すべて松岡和子さんの翻訳で読んでいます。ちくま文庫です。

シェイクスピアを音読している経緯はこちら


マクベス

シェイクスピア全集3 マクベス(シェイクスピア 著 , 松岡 和子 翻訳)

魔女の言葉に振り回されたマクベスが、坂道を転がり落ちていくように身を滅ぼす。良心の呵責に苦しみながらも罪を隠すためにさらに罪を重ね、「もう戻れない」という諦めと覚悟によって心が麻痺していく姿が痛々しかったです。自分もマクベスになりうるという恐怖、それ故にどこかに救いがあってほしいと思いました。

”血の川にここまで踏み込んだからには、たとえ渡りきれなくても戻るのもおっくうだ、先へ行くしかない。” (p.104)


マクベスは自身の破滅の予言に恐怖します。不安因子を排除してもまた新たな不安因子が現れて、どんどん予言の言葉に囚われていきます。しかし、マクベス夫人が亡くなり、バーナムの森が動き「破滅のときがきた」という現実に向き合う覚悟を決めて、ようやく予言の恐怖から解放される。最後のマクベスはかっこいいと思う。

あと、マクベスとマクベス夫人の対比が興味深かったです。マクベスは最初のダンカン王暗殺のときに一番良心の呵責に苦しんで、しだいに心が麻痺していくのだけど(恐怖に支配されて)、マクベス夫人は全く逆で、ダンカン王暗殺はノリノリでやっていたのに、終盤になって罪悪感に耐えきれず、夢遊病を患い衰弱していきます。本来であれば1人の人間の中にある精神世界を、2人に分割するとマクベスとマクベス夫人になるのかな。


マクダフに家族惨殺の知らせが伝えられる場面で、また声が詰まってボロボロ泣いてしまいました。残された側の悲しみに弱いのかもしれないです。

”あなたの耳でこの舌を怨んでくれるな。これまで聞いたことがないほどの辛いことを知らせなくてはならないのだ。” (p.147)


リア王

シェイクスピア全集5 リア王(シェイクスピア 著 , 松岡 和子 翻訳)

心が苦しくて苦しくて、読み終わってからしばらく何も手につかなかったです。『ハムレット』、『マクベス』の比ではないほどつらかった。最初から最後まで残酷。

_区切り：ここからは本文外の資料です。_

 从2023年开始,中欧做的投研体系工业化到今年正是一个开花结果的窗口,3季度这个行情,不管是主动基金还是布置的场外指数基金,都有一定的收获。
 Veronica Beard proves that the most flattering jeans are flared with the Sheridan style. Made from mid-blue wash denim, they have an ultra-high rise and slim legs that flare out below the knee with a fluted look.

リアと3人の娘たち、グロスターと2人の息子たちの話はどちらも同じような対立構造(世代交代に伴う新旧価値観の対立)なのだけど、新体制側(ゴネリル、リーガン、エドマンドたち)が最後まで各々の私利私欲を優先して自滅していく姿は、現代社会においても通づる部分が多い気がします(旧体制側も自覚的に協調しているわけではないですが)。

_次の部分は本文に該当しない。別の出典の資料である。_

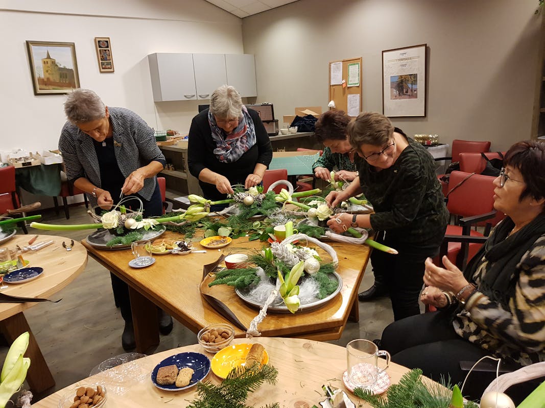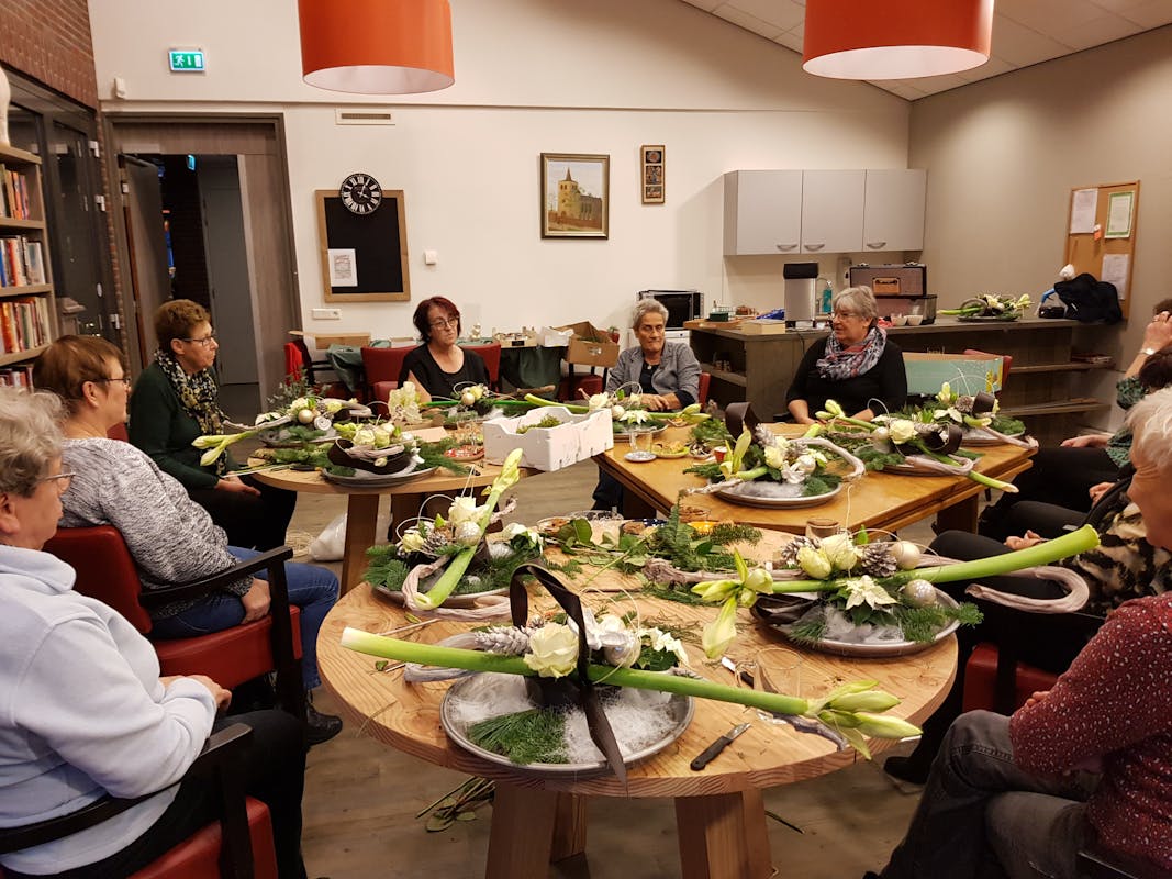 Deze decembermaand hebben we al een paar leuke activiteiten gehad in de Dõrpskamer. Na het pepernoten bakken van de kinderen hebben we met 10 dames onder de bezielende leiding van Corrie (die trouwens ook de Koppel elke keer zo mooi aankleedt) een prachtig Kerststuk gemaakt. Daar mochten we mee thuis komen. Ook hebben we voor de vrijwilligers een gezellige high tea middag gehad, weer uitstekend verzorgd door Karin. Dat hadden onze vrijwilligers ook wel verdiend want zonder hen geen Dõrpskamer en geen eetpunt. Donderdag 19 december om 14.00 uur sluiten we dit jaar af met een Kerstviering om 14.00 uur. De muzikale Kerstman komt ons dan met 2 van zijn elfjes bezoeken. Jullie zijn allemaal welkom. Dinsdag 7 januari 2020 ( jawel dan is het alweer zo ver) openen we de Dörpskamer weer met een Nieuwjaarsreceptie om 14.00 uur en daarna zijn we de dinsdagen weer open van 14.00 u tot 16.00 uur en de woensdagen van 10.00 u tot 12.00 uur. Verder hebben we in 2020 nog diverse activiteiten die in de Dorpskrant worden vermeld. Graag tot ziens allemaal en hele fijne Kerstdagen en een gelukkig 2020!

それにしても、嵐の夜に外に追い出したり両眼を潰したり、そこまでしなくてもいいじゃないか。自分にとって邪魔な存在はどうなったって(死んだって)構わないし、何なら「自業自得」で責任すら相手に押し付ける態度。信じられない。どうしたらそんなことができるんだ。

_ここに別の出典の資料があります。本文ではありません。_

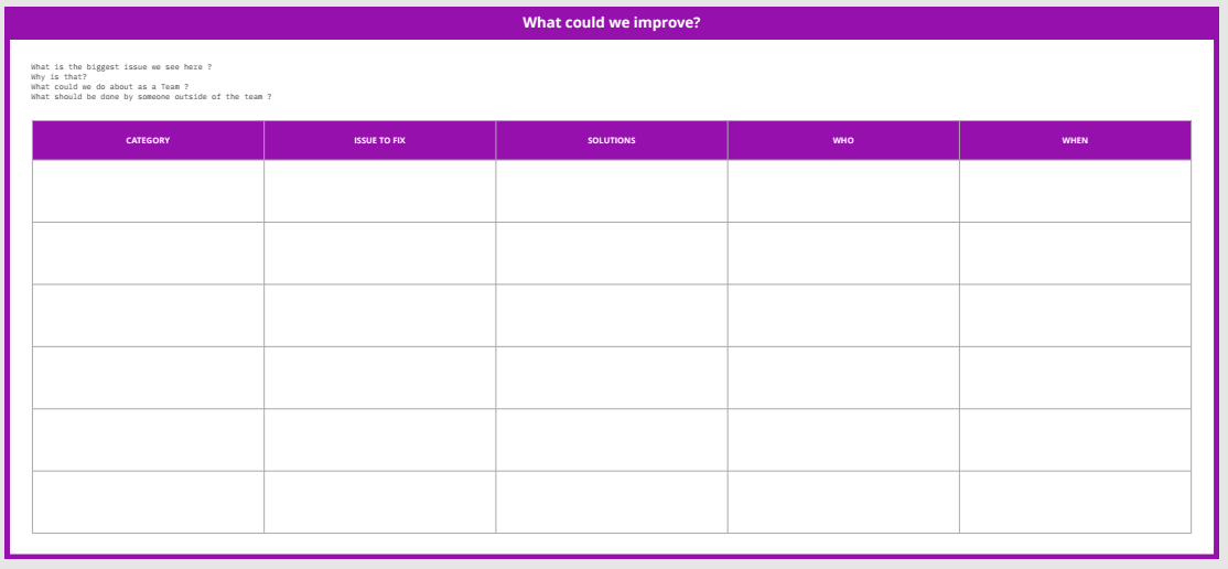 The improvement matrix. Where the team chooses the category to work on, the issue to fix, the possible solutions or experiments, and who or when

正気を失っていくリアや生きる気力を失っていくグロスターのセリフも読んでいてつらかったです。でも、ゴネリルたちのセリフを読むほうが苦しかった。どうか、私の中に彼らが棲みつくことがないように。


全体的に残酷で真っ暗なのだけど、後半にわずかながら差し込まれる光の威力が半端ないです。グロスターと再会したときのリアのセリフは特に震えました。

”俺の不幸を泣いてくれるなら、この目をやろう。お前のことはよく知っている。お前の名はグロスター。” (p.198)


ときおり差し込む光はあるものの、やはり悲劇。最後、リアがコーディリアを抱きかかえて登場する場面は、悲しすぎて打ちひしがれました。

”咆えろ、咆えろ、咆えろ!おお!貴様らは石か、貴様らの舌が、目が、俺のものなら、天の大伽藍がひび割れるまで泣き叫んでやる。” (p.242)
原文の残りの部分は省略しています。